=== DATA SHOWN ===

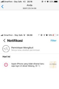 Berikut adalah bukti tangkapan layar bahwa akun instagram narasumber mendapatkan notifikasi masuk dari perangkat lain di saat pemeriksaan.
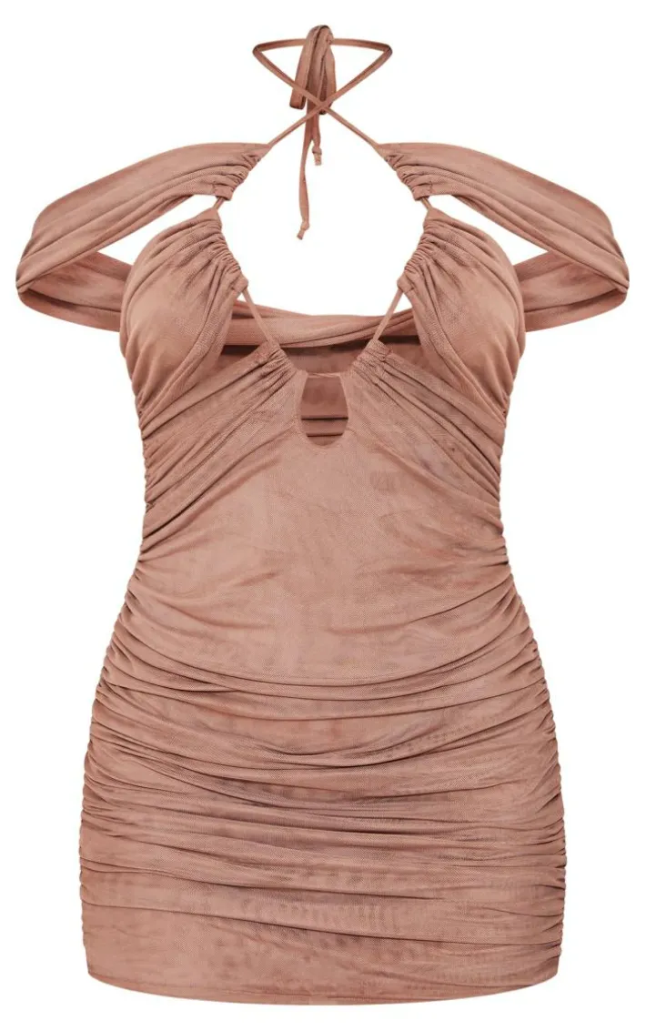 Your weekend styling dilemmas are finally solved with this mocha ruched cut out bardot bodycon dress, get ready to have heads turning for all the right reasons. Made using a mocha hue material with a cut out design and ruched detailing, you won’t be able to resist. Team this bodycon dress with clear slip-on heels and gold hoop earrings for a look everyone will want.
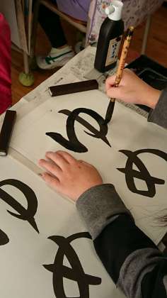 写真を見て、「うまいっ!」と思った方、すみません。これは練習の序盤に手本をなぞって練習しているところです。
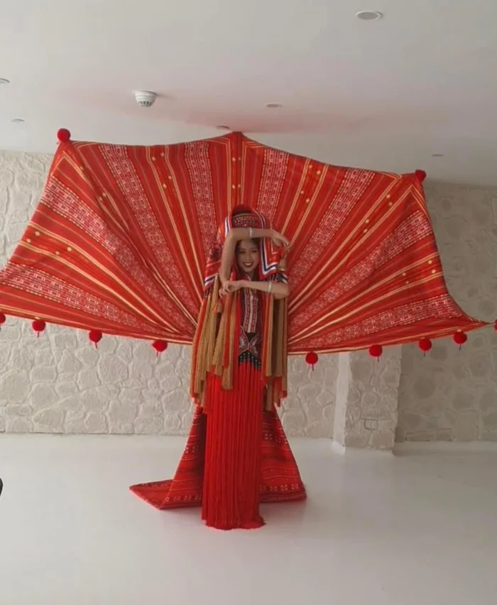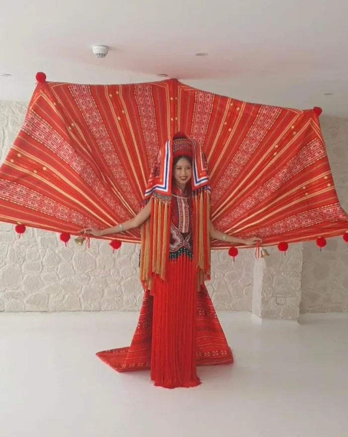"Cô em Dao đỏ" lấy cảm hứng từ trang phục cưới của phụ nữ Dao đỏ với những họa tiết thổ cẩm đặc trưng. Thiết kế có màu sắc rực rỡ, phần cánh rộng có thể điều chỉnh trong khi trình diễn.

===

■ **DESCRIPTION OF THE TASK**: Reproduce the listing word for word and omit its pictures.

■ **ANSWER SPACE**:
 Berikut adalah bukti tangkapan layar bahwa akun instagram narasumber mendapatkan notifikasi masuk dari perangkat lain di saat pemeriksaan.
 Your weekend styling dilemmas are finally solved with this mocha ruched cut out bardot bodycon dress, get ready to have heads turning for all the right reasons. Made using a mocha hue material with a cut out design and ruched detailing, you won’t be able to resist. Team this bodycon dress with clear slip-on heels and gold hoop earrings for a look everyone will want.
 写真を見て、「うまいっ!」と思った方、すみません。これは練習の序盤に手本をなぞって練習しているところです。
"Cô em Dao đỏ" lấy cảm hứng từ trang phục cưới của phụ nữ Dao đỏ với những họa tiết thổ cẩm đặc trưng. Thiết kế có màu sắc rực rỡ, phần cánh rộng có thể điều chỉnh trong khi trình diễn.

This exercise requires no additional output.